As boolean are implemented as single bits, there's no pointers to booleans, so a VAR BOOLEAN argument is implemented by the compiler as a copy before and after the procedure or function call.

Warning: If the boolean is an I/O or any SFR bit, it will be updated at procedure/function return only.


CONST <simple-type> is always passed by value in the current implementation.

Other CONST, VAR or OUT arguments are passed by address in the procedure or function arguments pseudo variables.

Addresses are generated as BYTE or WORD, as pointers, depending on the processor's memory configuration and the $POINTERS directive state.


Argument types must match exactly if they are by-address CONST, VAR or OUT, or must be compatible otherwise.


An OUT argument is a special VAR form; PMP may optimize the code, or emit a warning if used in an expression since it knows that the variable is not initialized at entry (future implementation).


Parameters can be of type SFR. An SFR is always passed by address, even if declared as CONST. An SFR parameter is always treated as volatile and so never optimized.

Parameters can be of type “open array”; this type of parameter is always passed by address, along with a stealth upper bound parameter.


A CONST parameter may be qualified as ROMABLE (not standard Pascal). In this case, PMP generates a special code that may deal either with a RAM or ROM pointer. This code will be a bit less efficient but may be useful in some cases (a good example is to pass ROM strings or arrays by value without copying them into a RAM buffer first).


A CONST parameter may also be restricted by using the ROM qualifier (not standard Pascal). In this case, PMP generates a special code that deals only with a ROM pointer. This code may be useful in some cases (a good example is to pass only ROM strings or arrays by value without copying them into a RAM buffer first).
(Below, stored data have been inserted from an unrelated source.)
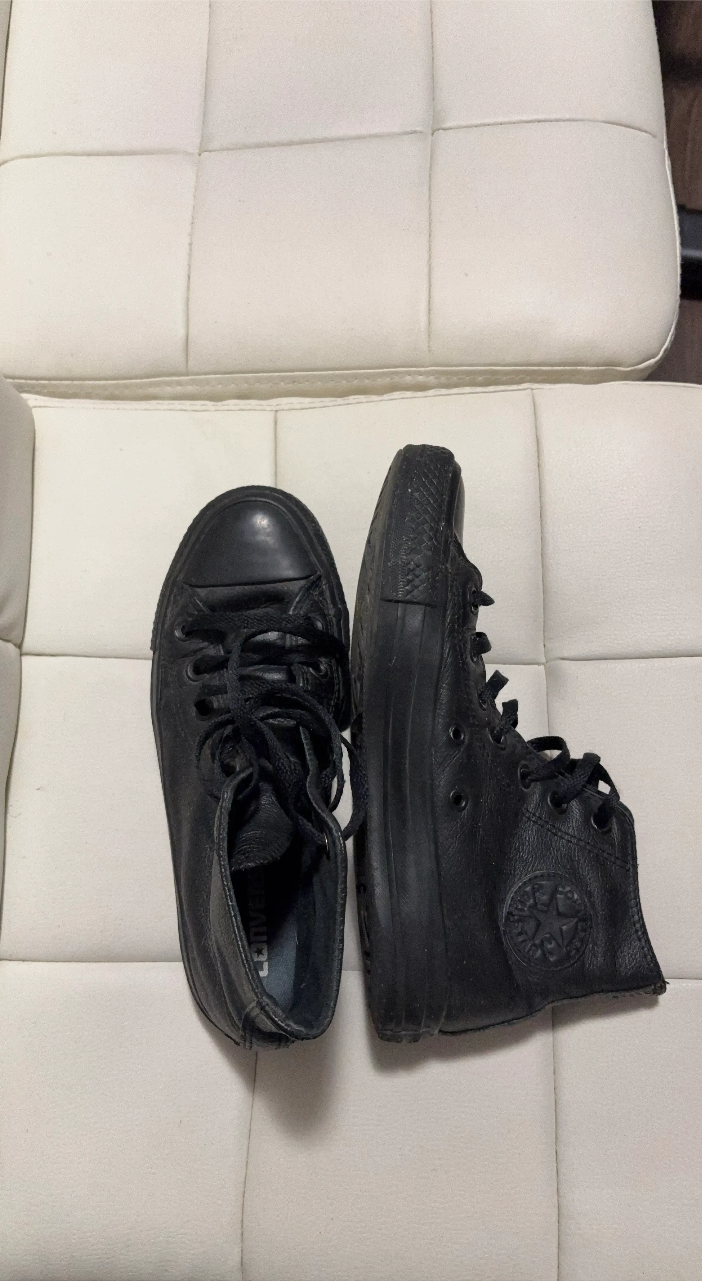 Selling a pair of Converse All Star high tops in black leather. They're in good condition and ready for a new owner!
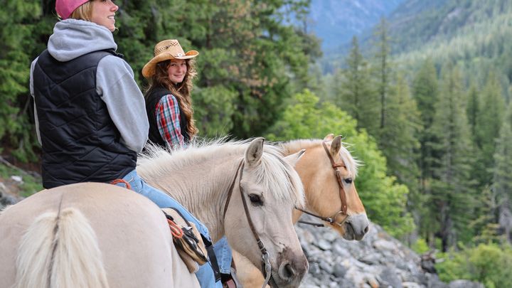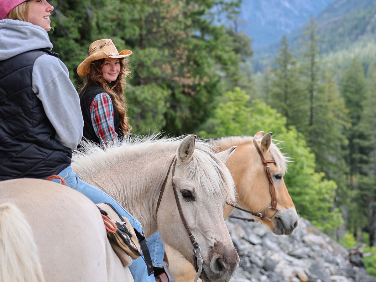 The Norwegian Fjord horses normally spend the summer months transporting guests on day-rides to Howard Lake or Bridge Creek. Spring and Fall are spent packing in camps to Cottonwood and Bridge Creek for their Tent-to-Tent program. Over the course of the summer, they enjoy hosting four horse camps, where young, hopeful equestrians get the opportunity to learn the basics of horse care and riding.
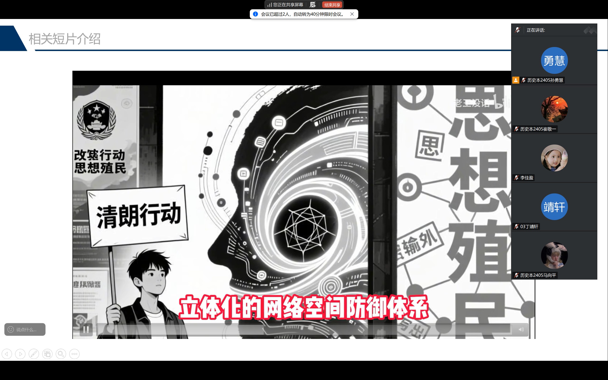 为深入贯彻落实国家网络文明建设的工作要求,积极响应中央网信办“清朗”系列专项活动部署,引导青年学生树立正确网络价值观、强化法治思维。近日,历史文化学院各年级以“清朗网络・从我做起”为主题,同步开展线上线下融合式主题班会,推动网络安全知识深入人心,筑牢校园网络安全防线,凝聚共建清朗网络空间的青春力量。
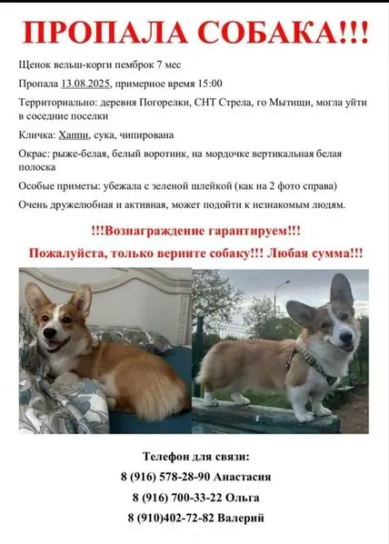 Найдена собака, сука, корги! Братовщина, (Пушкино МО). 19.12. Окрас рыжий с белыми подпалинами, в ошейнике, есть клеймо. Замечена возле Благовещенской церкви, ищем владельца. По паспорту Хэппи Дейс с Жуковки, 23.10.23 Писать в ВК: @id812228746 8(985)147-76-80
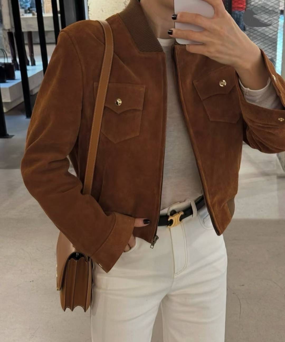 東大門寶藏貴婦品牌 超班手功面料和高級感的剪裁 獨特的品牌高雅氣質 只此一家 某些款式批價絕對是東大門數一數二的高 很少會撞款 也很少會出錯 高檔次質量同設計絕對值得購買 Outer Cowhide 100 Inner Poly 100 Bust 40” Length 22.5” Armhole 9.45” Shoulder 16.5” Sleeve 23.2”
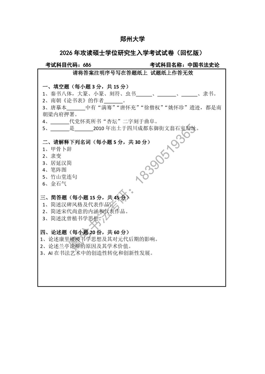 书法考研真题汇总
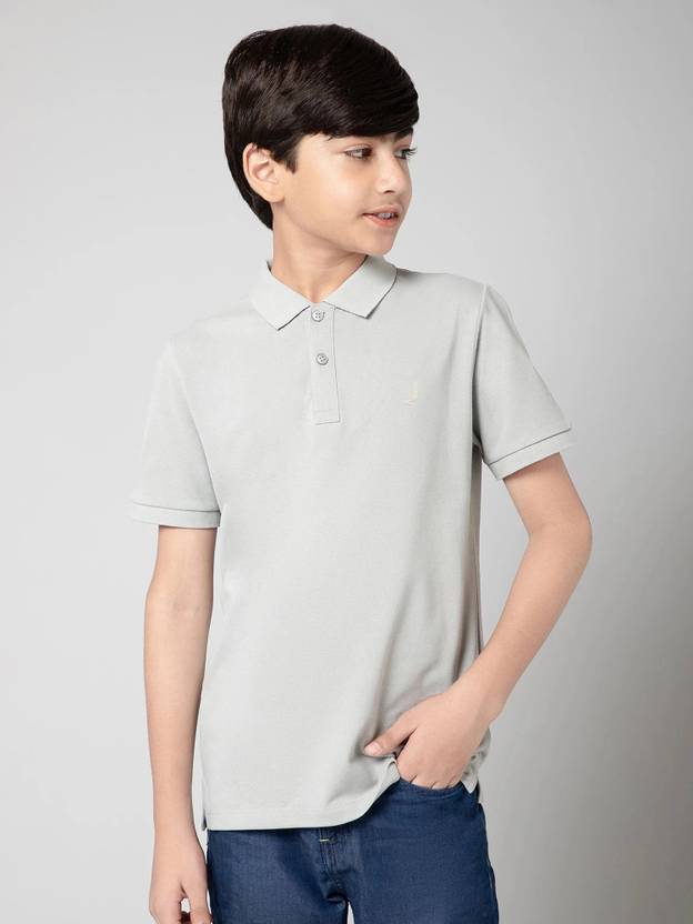 Alan Jones Boys Solid Cotton Blend Regular T Shirt (Grey, Pack of 1)

PROCEDURE Test(X: BYTE; VAR Y: BYTE; VAR Z: BOOLEAN; S: SFR);
 BEGIN
   …
 END;

PROCEDURE Init(CONST ROMABLE T: ARRAY OF BYTE; VAR Dest: STRING);
 VAR I: BYTE;
 BEGIN
   FOR I := low(T) TO high(T) DO SomeProc(T[I], Dest);
 END;

VAR A: BYTE; B: BYTE; C: BOOLEAN;
   S: ^SFR;

 Test(A + 1, B, C, S^);

The call to Test(A + 1, B, C, S^) will generate the following sequence:

    1. Compute A+1.
    2. Move result to Test.X,
    3. Move B address to Test.Y,
    4. Move C value to Test.Z,
    5. Move S content to Test.S,
    6. Call Test,
    7. Move Test.Z value to C.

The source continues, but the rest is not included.